» Activity
Pictures in the records below must be left out. Return exactly the lines from the line with "Fruits and vegetables" to the line with "curl -X POST", both included.

» Dataset
______________________________

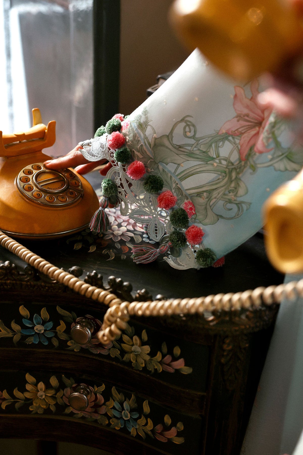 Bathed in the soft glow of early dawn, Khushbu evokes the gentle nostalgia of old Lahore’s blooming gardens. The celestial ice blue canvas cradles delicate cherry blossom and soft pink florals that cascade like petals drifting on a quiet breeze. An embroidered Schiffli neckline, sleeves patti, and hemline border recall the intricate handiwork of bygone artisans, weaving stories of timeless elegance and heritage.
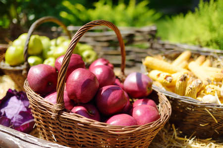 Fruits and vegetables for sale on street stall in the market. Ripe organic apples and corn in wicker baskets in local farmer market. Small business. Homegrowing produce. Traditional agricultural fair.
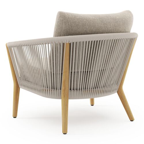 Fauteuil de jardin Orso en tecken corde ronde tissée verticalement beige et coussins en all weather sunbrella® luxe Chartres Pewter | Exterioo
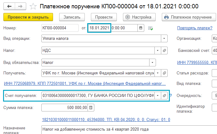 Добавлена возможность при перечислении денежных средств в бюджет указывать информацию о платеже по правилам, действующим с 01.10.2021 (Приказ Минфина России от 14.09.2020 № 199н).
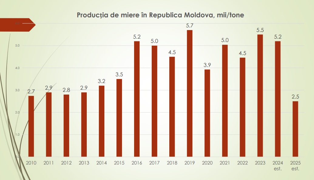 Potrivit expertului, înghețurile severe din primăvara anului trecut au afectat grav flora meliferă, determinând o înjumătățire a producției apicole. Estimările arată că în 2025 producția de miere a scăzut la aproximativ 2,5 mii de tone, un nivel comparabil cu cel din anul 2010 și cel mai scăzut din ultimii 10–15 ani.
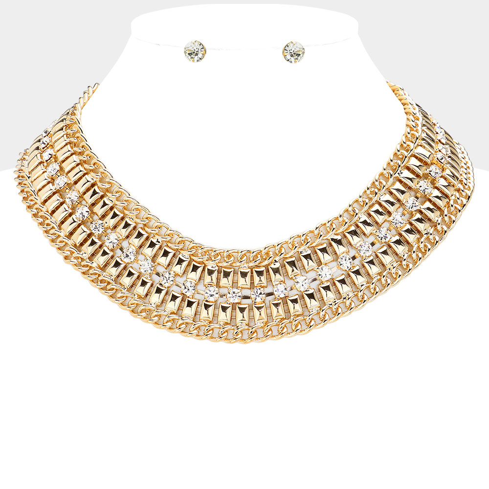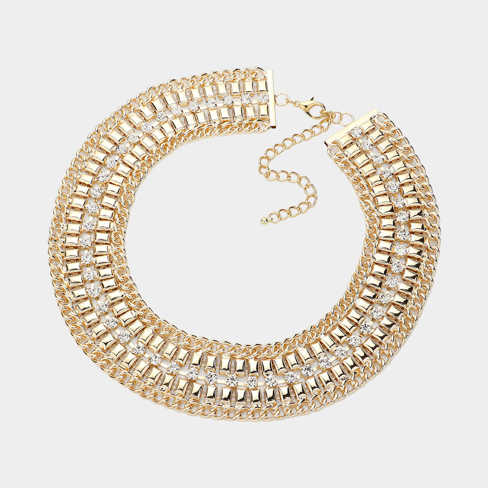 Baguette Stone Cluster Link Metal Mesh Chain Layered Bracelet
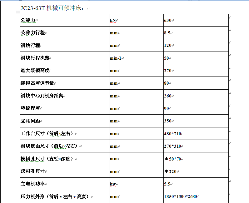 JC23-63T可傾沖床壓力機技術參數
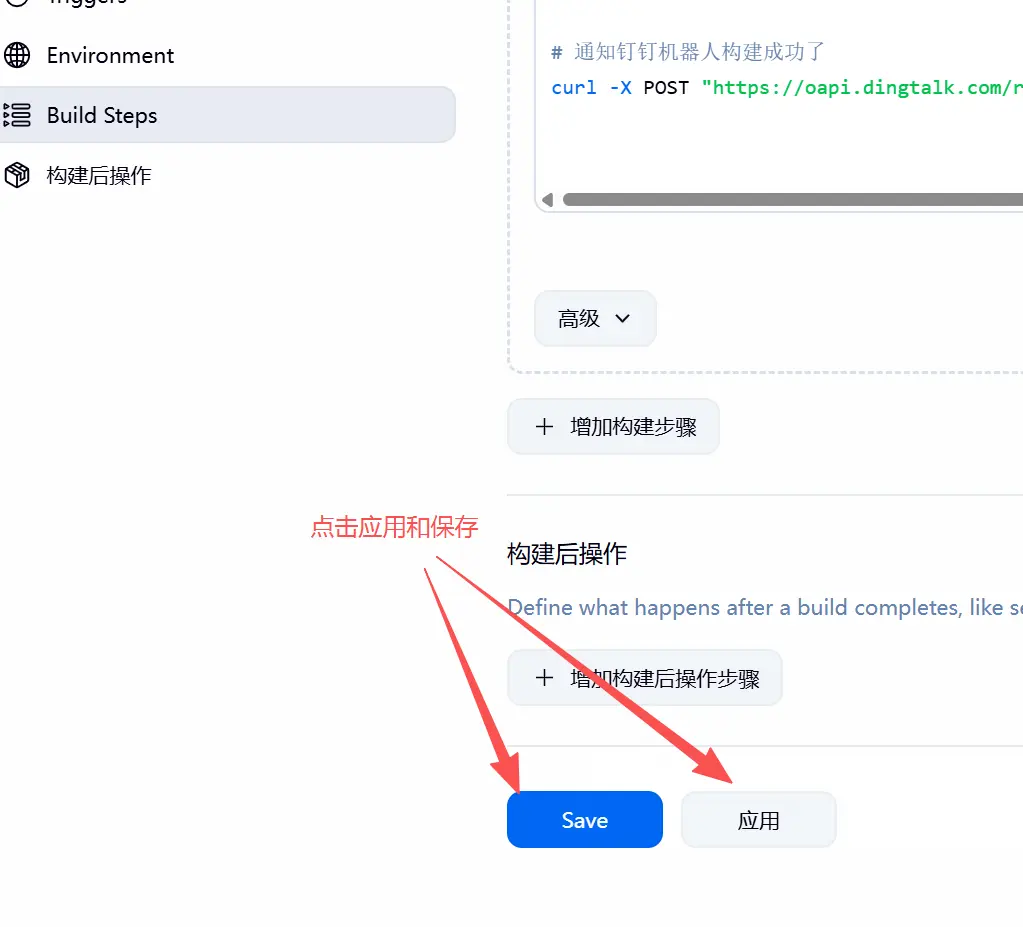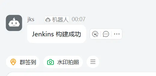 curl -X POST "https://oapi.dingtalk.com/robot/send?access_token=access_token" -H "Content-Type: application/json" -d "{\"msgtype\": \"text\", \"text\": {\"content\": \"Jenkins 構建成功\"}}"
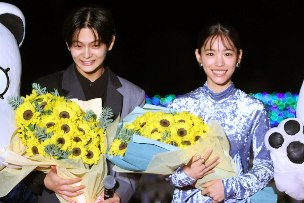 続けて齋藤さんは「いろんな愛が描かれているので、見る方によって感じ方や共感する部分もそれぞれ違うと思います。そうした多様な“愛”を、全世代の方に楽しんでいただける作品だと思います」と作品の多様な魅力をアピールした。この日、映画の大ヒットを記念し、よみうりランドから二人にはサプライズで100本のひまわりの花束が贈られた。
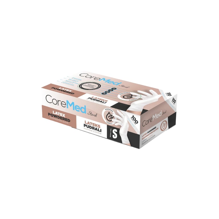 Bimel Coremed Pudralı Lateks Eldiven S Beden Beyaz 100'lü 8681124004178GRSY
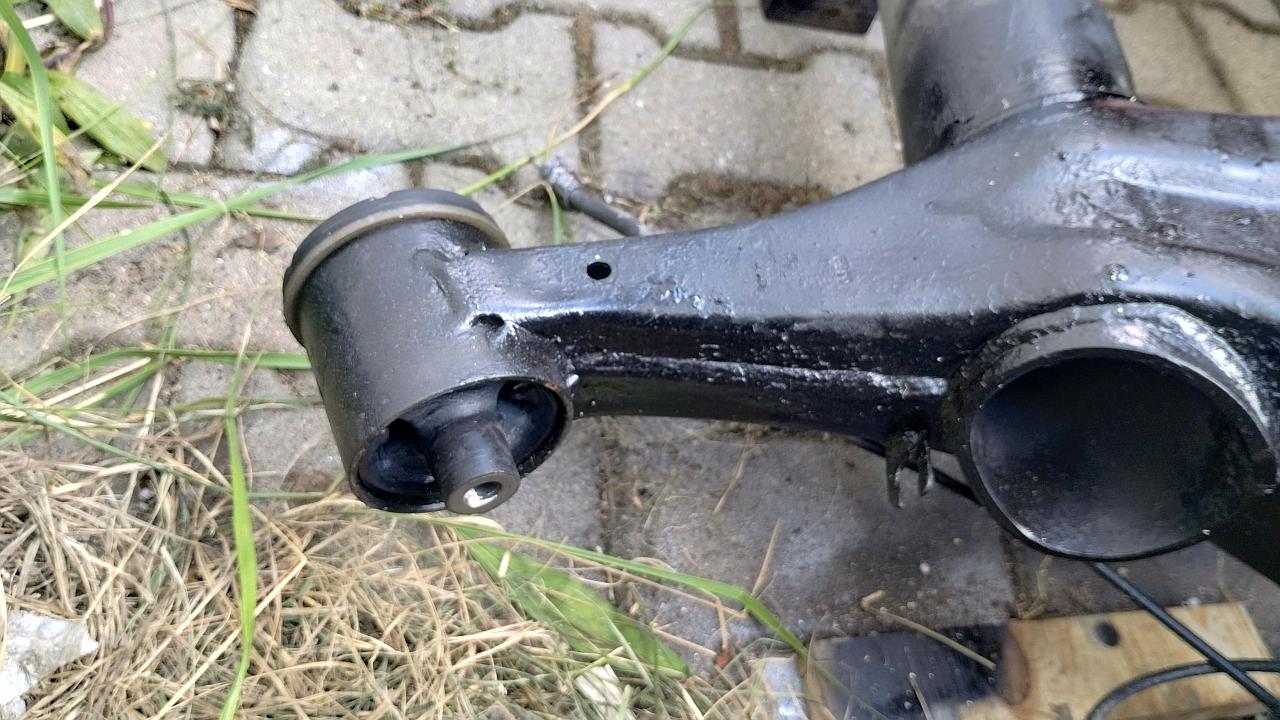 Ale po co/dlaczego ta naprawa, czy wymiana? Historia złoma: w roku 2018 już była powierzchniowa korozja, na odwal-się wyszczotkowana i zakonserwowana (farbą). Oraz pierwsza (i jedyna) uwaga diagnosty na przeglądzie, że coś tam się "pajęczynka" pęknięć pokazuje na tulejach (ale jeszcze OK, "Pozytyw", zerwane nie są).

______________________________

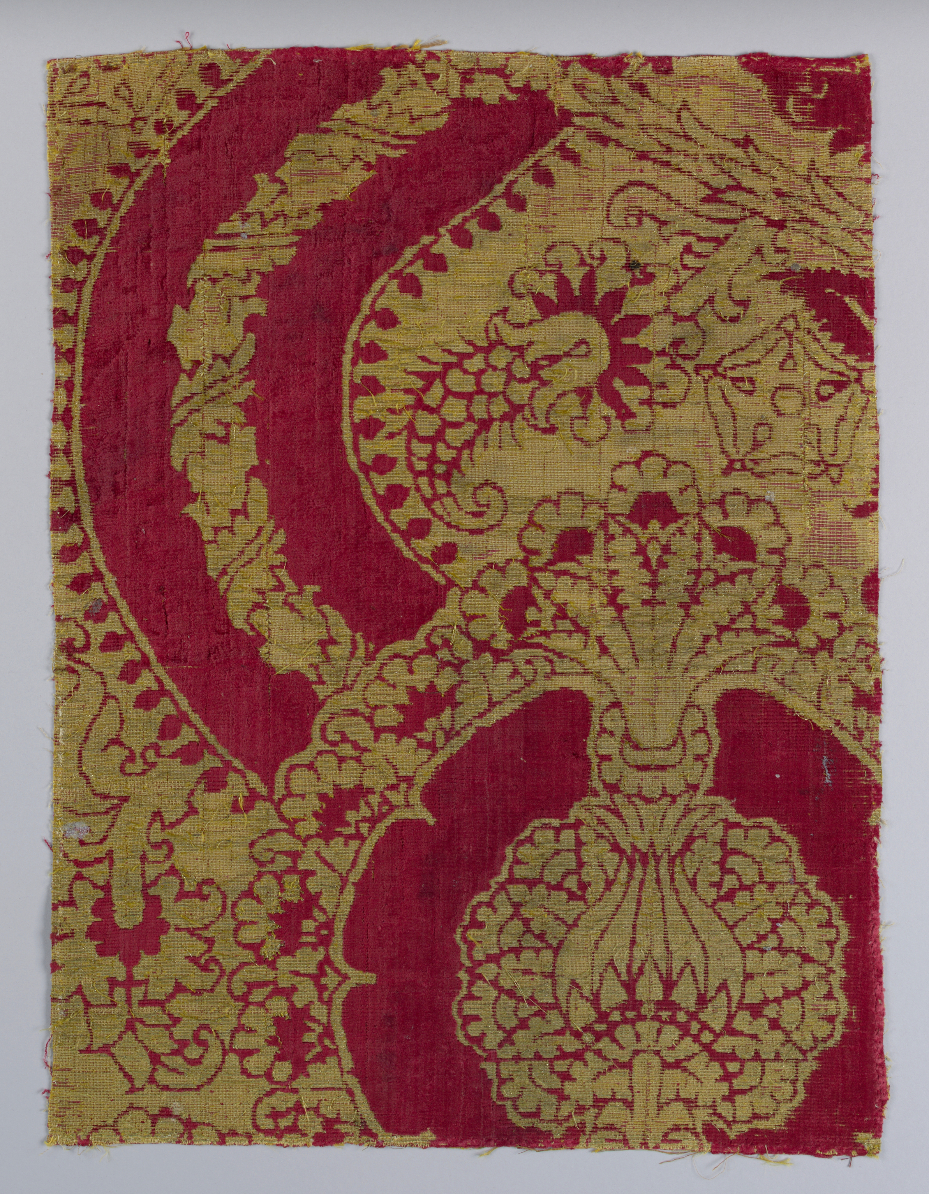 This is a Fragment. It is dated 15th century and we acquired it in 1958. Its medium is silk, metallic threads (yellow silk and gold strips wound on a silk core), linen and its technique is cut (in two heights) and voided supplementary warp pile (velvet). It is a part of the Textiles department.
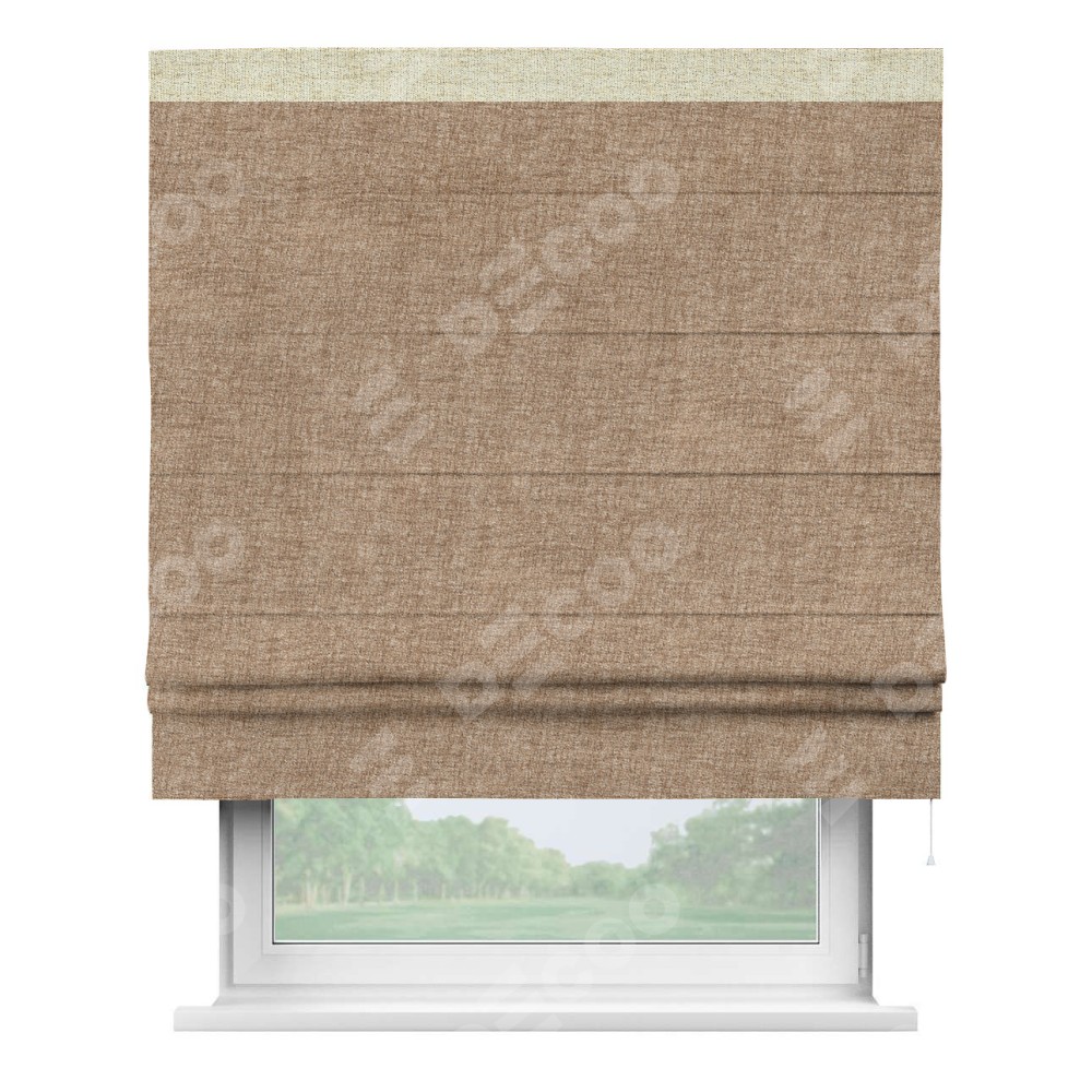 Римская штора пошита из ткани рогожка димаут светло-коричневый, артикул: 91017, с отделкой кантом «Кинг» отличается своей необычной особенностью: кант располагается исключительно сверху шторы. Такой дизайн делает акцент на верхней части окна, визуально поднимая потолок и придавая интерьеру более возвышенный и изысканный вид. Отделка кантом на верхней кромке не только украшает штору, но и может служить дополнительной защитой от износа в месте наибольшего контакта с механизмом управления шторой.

______________________________

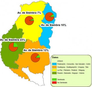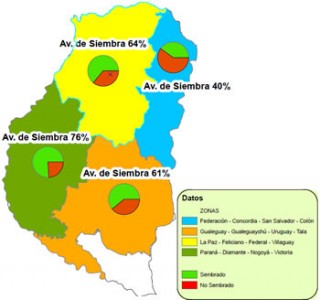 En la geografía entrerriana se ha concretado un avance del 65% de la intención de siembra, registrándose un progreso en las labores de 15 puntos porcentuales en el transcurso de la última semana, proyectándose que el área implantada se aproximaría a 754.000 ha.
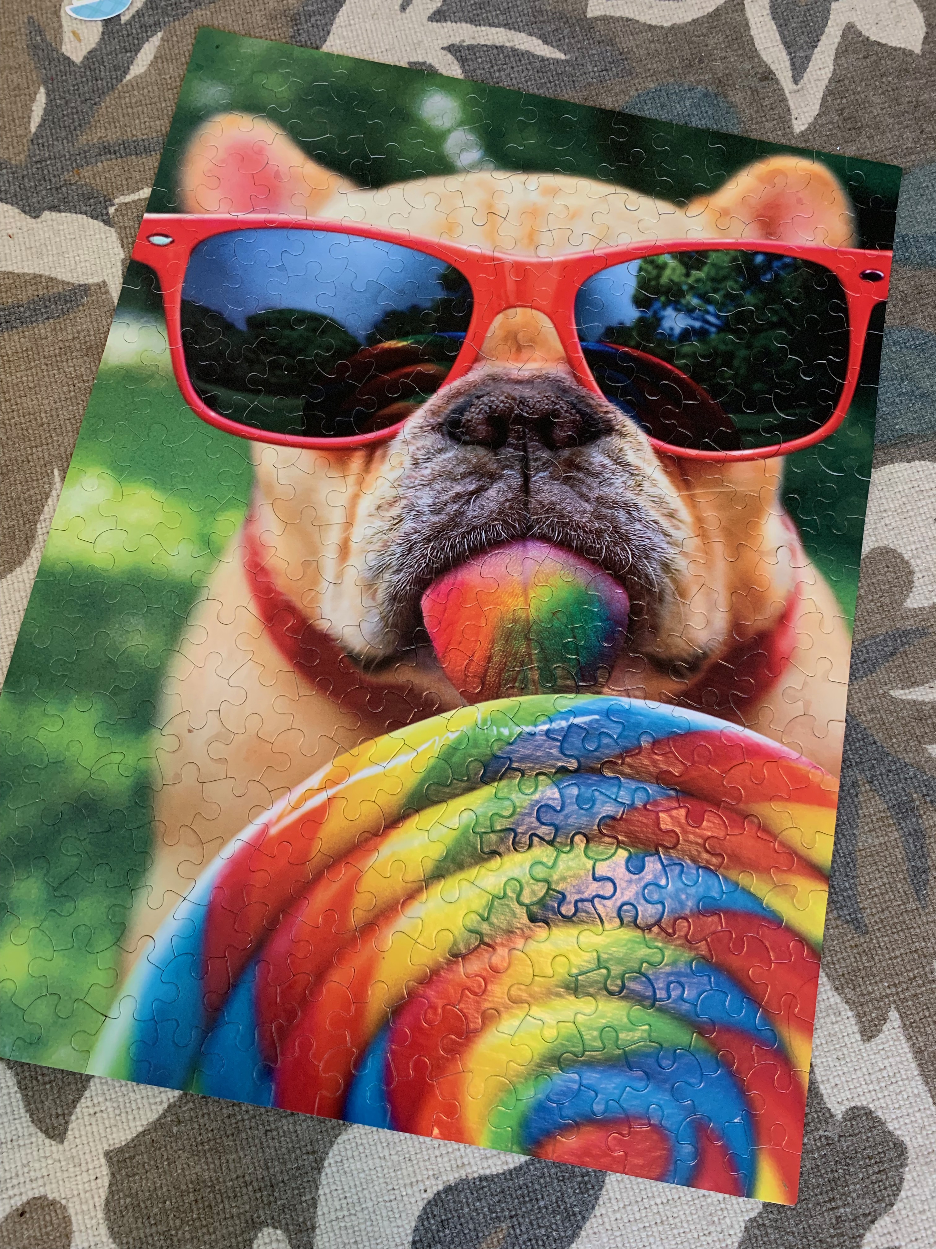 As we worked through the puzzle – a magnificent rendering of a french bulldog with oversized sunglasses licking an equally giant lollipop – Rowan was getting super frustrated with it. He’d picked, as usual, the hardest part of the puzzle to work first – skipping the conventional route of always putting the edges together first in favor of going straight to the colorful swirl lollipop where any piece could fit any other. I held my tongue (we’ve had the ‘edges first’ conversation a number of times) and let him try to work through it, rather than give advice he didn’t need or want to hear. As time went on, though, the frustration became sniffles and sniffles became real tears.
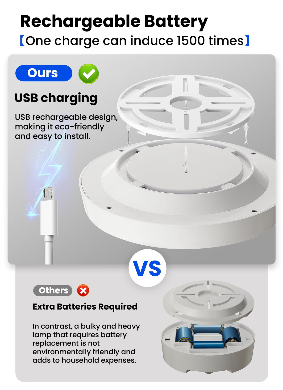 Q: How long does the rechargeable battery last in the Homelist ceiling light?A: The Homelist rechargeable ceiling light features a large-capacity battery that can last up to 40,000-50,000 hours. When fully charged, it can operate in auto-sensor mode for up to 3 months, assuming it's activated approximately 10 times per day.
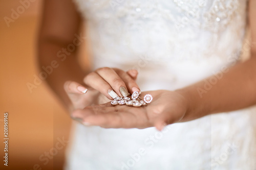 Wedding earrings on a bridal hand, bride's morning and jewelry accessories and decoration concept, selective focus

______________________________

» Solution
 Fruits and vegetables for sale on street stall in the market. Ripe organic apples and corn in wicker baskets in local farmer market. Small business. Homegrowing produce. Traditional agricultural fair.
 Fauteuil de jardin Orso en tecken corde ronde tissée verticalement beige et coussins en all weather sunbrella® luxe Chartres Pewter | Exterioo
 Добавлена возможность при перечислении денежных средств в бюджет указывать информацию о платеже по правилам, действующим с 01.10.2021 (Приказ Минфина России от 14.09.2020 № 199н).
 Potrivit expertului, înghețurile severe din primăvara anului trecut au afectat grav flora meliferă, determinând o înjumătățire a producției apicole. Estimările arată că în 2025 producția de miere a scăzut la aproximativ 2,5 mii de tone, un nivel comparabil cu cel din anul 2010 și cel mai scăzut din ultimii 10–15 ani.
 Baguette Stone Cluster Link Metal Mesh Chain Layered Bracelet
 JC23-63T可傾沖床壓力機技術參數
 curl -X POST "https://oapi.dingtalk.com/robot/send?access_token=access_token" -H "Content-Type: application/json" -d "{\"msgtype\": \"text\", \"text\": {\"content\": \"Jenkins 構建成功\"}}"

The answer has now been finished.